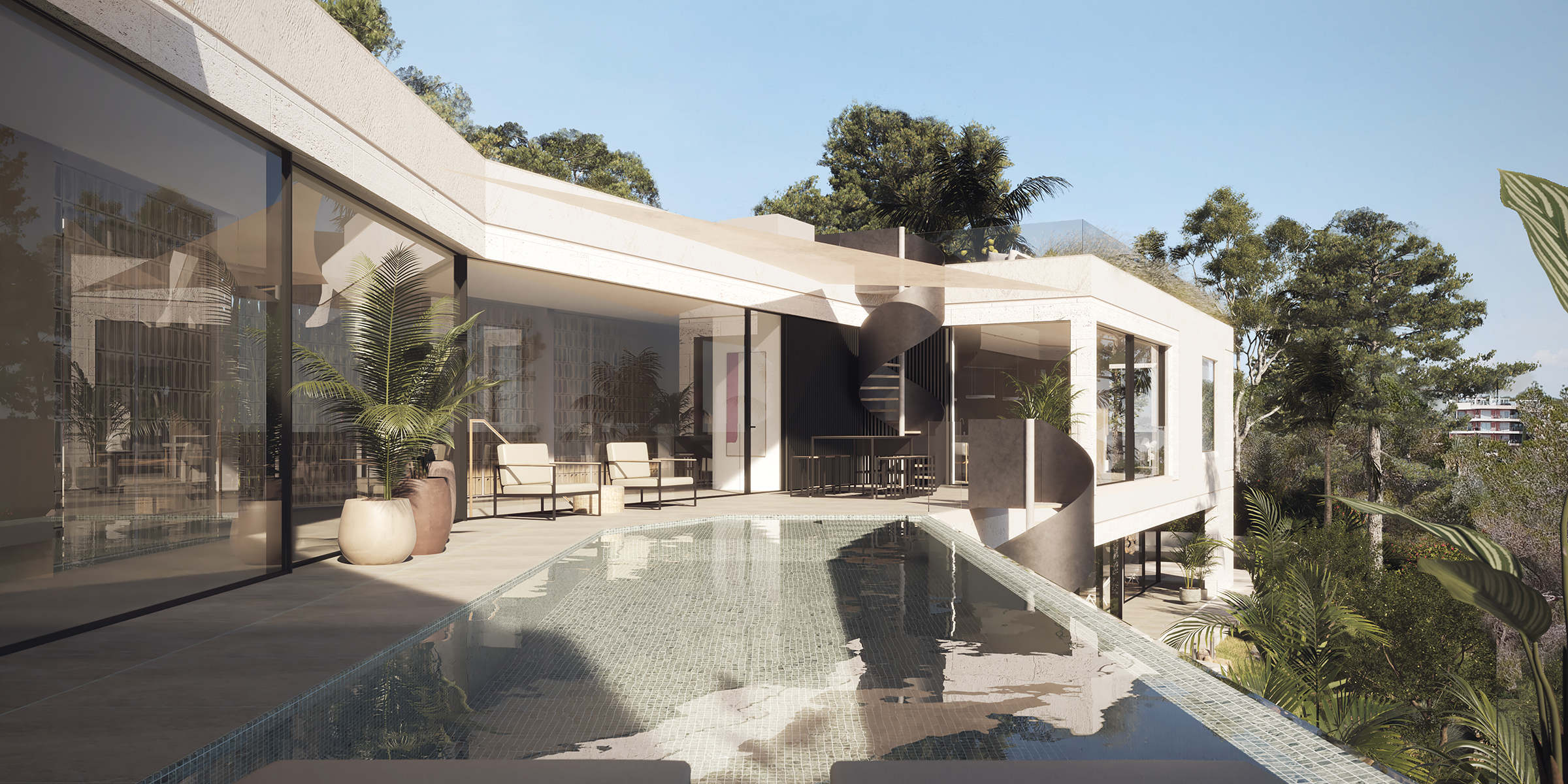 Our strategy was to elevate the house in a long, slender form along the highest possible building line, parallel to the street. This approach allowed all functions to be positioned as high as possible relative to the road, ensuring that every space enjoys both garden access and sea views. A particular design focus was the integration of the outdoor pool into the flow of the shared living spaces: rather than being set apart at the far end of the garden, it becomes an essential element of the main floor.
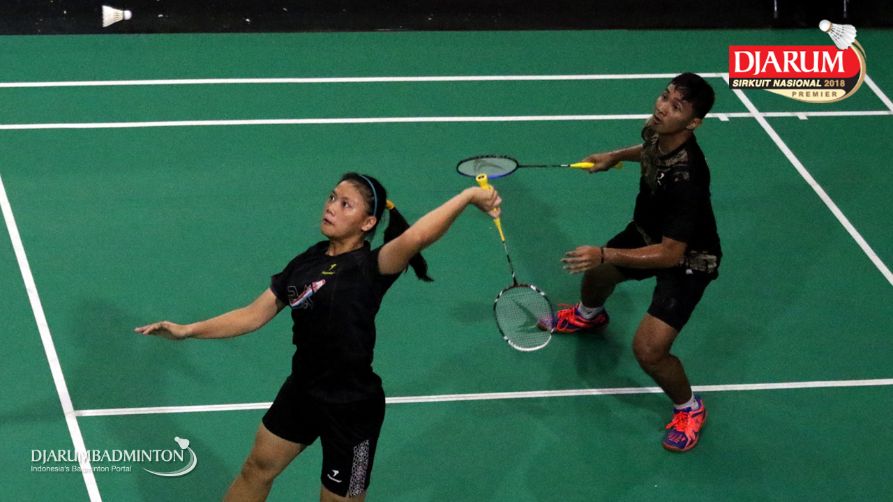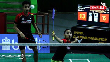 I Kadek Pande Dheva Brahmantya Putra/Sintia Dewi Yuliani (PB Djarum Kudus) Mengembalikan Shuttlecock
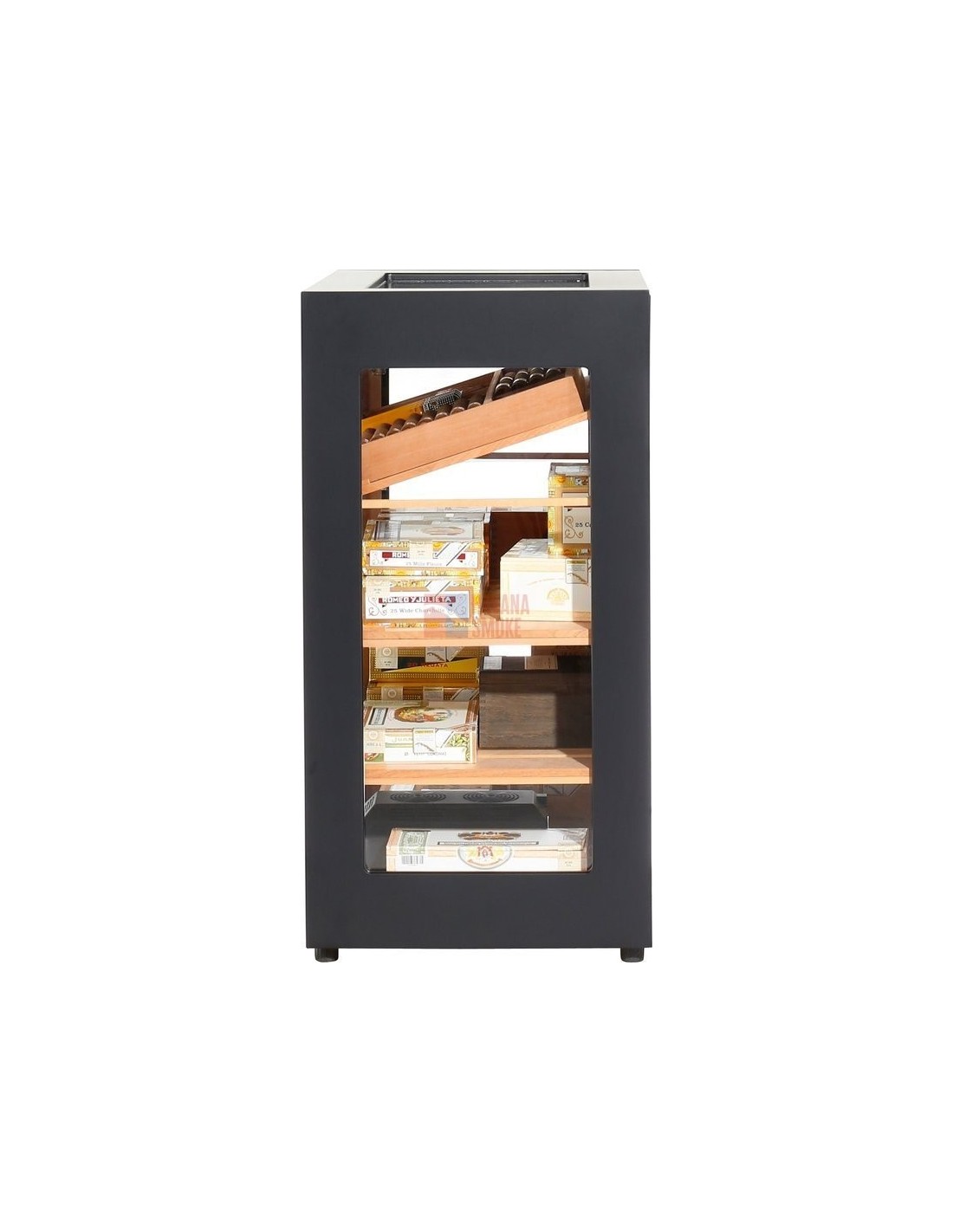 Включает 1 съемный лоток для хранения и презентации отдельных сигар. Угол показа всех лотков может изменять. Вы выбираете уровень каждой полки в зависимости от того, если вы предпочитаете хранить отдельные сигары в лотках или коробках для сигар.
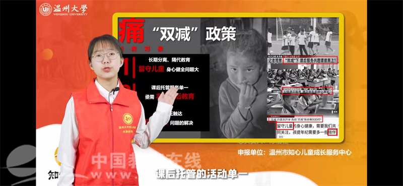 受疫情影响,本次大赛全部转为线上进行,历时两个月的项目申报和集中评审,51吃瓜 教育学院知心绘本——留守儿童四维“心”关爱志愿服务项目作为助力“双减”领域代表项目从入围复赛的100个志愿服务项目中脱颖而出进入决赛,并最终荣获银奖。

* * *

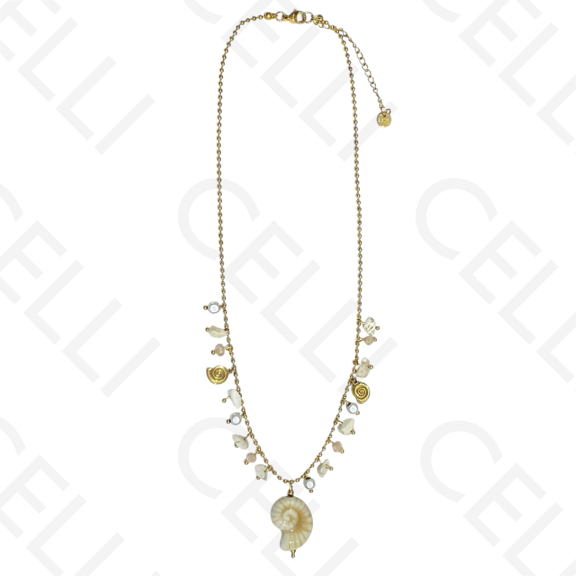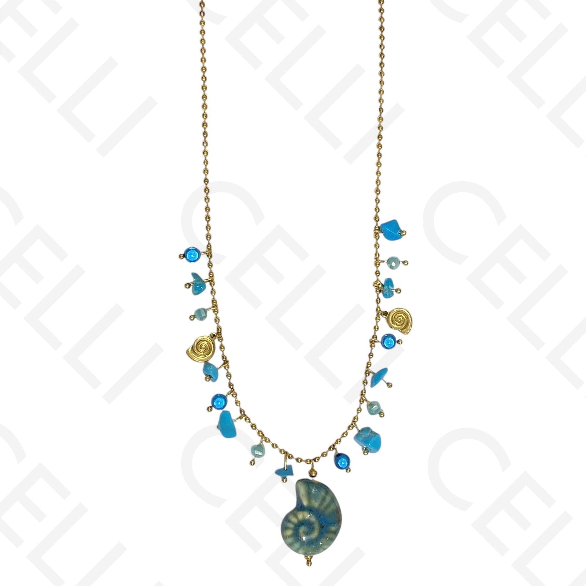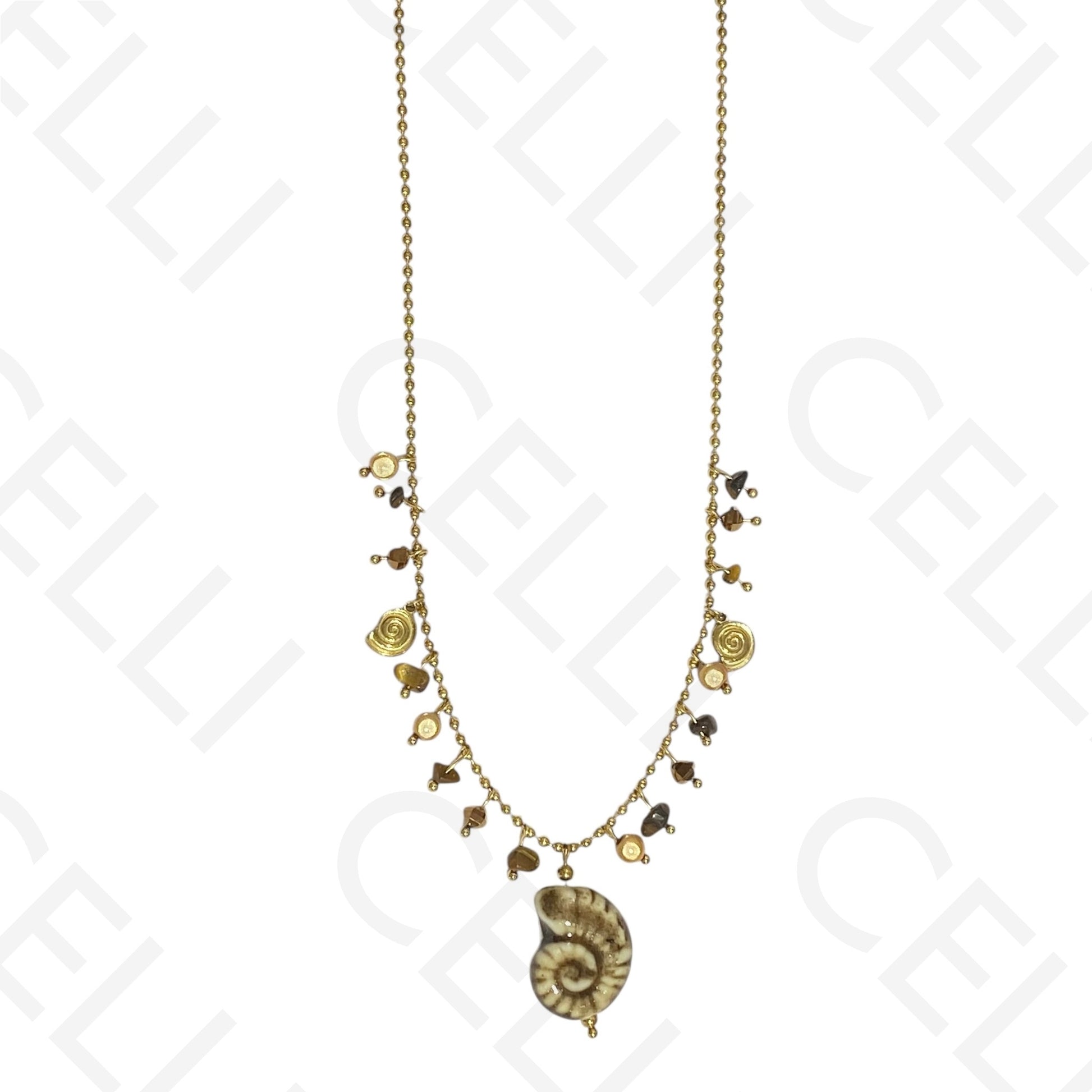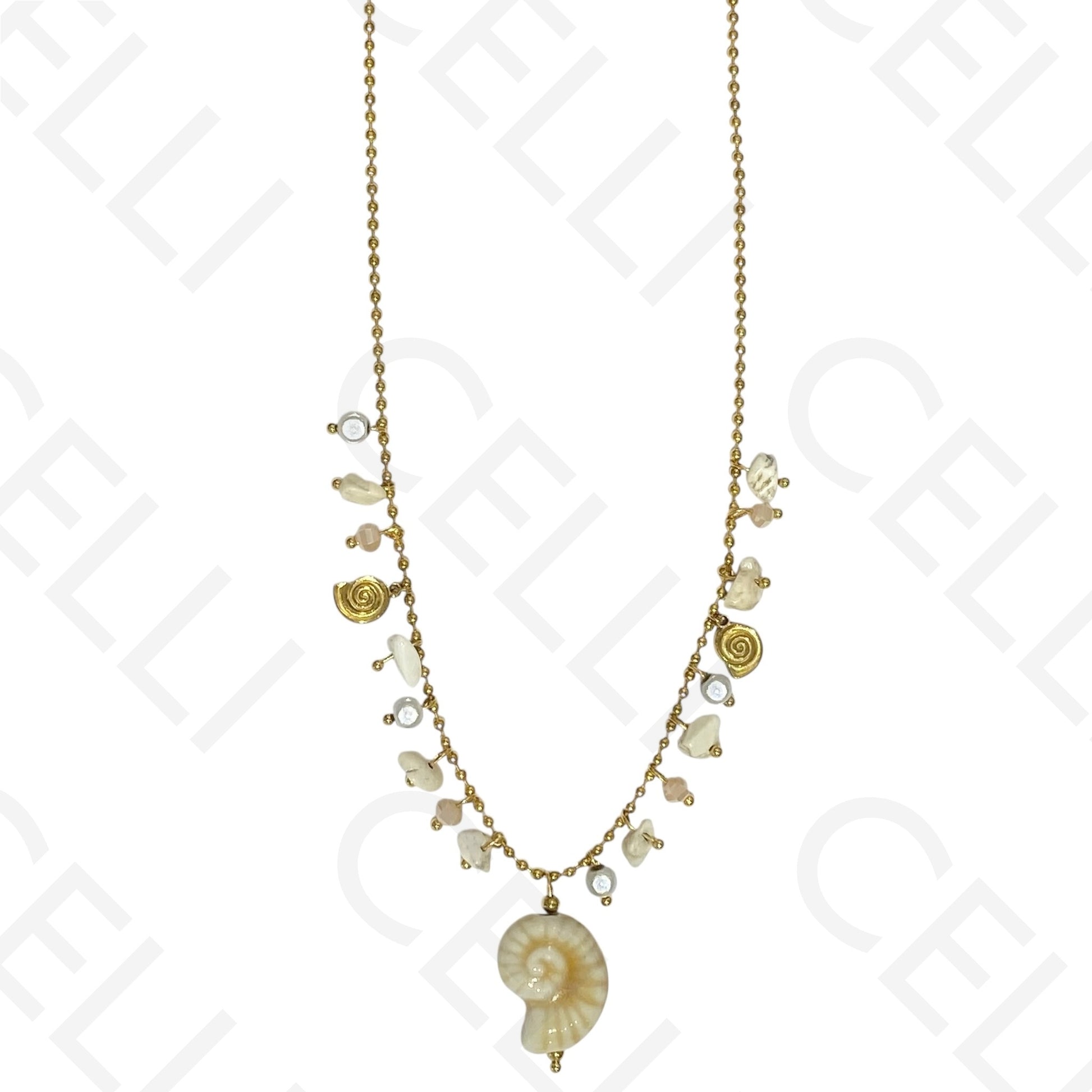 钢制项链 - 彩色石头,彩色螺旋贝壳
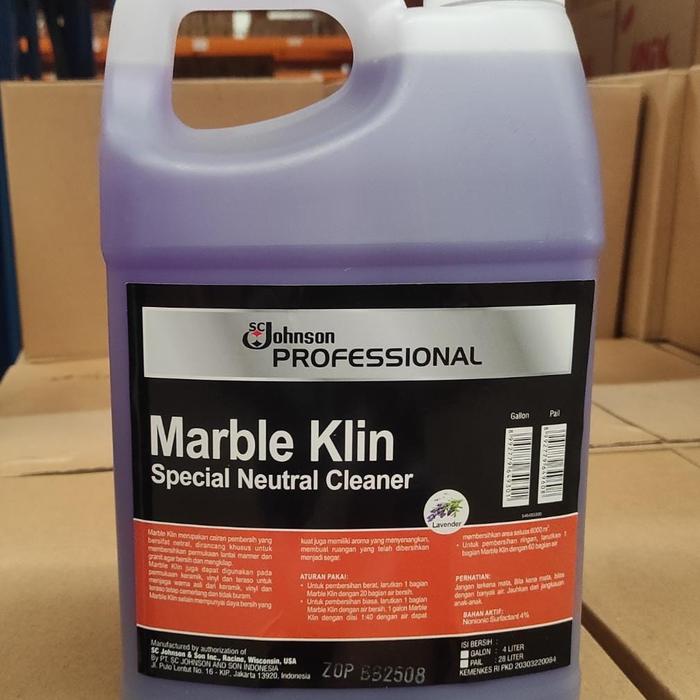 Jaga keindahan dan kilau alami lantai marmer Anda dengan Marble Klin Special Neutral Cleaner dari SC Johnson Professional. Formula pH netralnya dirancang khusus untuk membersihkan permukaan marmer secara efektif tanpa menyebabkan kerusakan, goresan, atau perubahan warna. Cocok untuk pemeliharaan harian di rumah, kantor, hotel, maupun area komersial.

WORK INSTRUCTION:
Using the records above, return word for word the lines that begin at the one containing "Our strategy was" and end at the one containing "I Kadek Pande", both of them included and no pictures.

RESPONSE TO THIS EXERCISE:
 Our strategy was to elevate the house in a long, slender form along the highest possible building line, parallel to the street. This approach allowed all functions to be positioned as high as possible relative to the road, ensuring that every space enjoys both garden access and sea views. A particular design focus was the integration of the outdoor pool into the flow of the shared living spaces: rather than being set apart at the far end of the garden, it becomes an essential element of the main floor.
 I Kadek Pande Dheva Brahmantya Putra/Sintia Dewi Yuliani (PB Djarum Kudus) Mengembalikan Shuttlecock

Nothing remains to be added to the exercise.